What I Am Reading: "The Story of a Shipwrecked Sailor" by Gabriel García Márquez

I’m taking sailing lessons this weekend, and I read this short book to help set the mood. One might not think that a story about a castaway surviving ten days in a raft would set the mood for sailing, and one would be right. A dramatic, large-scale shipwreck would have been preferable.

Mainly, I picked this up because of the identity of the author; but this is not a Gabriel García Márquez novel, it is a piece of longform Gabriel García Márquez journalism from early in his career. It is a first person retelling of the account of Luis Alejandro Velasco, who was swept off a Columbian destroyer at sea and survived ten days in a raft until he drifted to shore (the use of “shipwrecked” in the title is thus misleading). He survived on nothing but a few bites of fish and a strange root that happens to appear at one point. This work, originally serialized in the newspaper Márquez was working at, revealed for the first time that the destroyer was illicitly carrying large contraband items (refrigerators and such), which contributed to the accident. Velasco became a minor celebrity after the incident.
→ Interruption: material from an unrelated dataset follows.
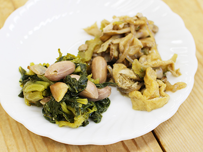 生落花生の和え物、あぶらあげといとこんにゃくの煮物

Márquez himself summarizes the book bluntly in his introduction:

“I have not reread this story in fifteen years. It seems worthy of publication, but I have never quite understood the usefulness of publishing it. I find it depressing that the publishers are not so much interested in the merit of the story as in the name of the author, which, much to my sorrow, is also that of a fashionable writer. If it is now published in the form of a book, that is because I agreed without thinking about it very much, and I am not a man to go back on his word.”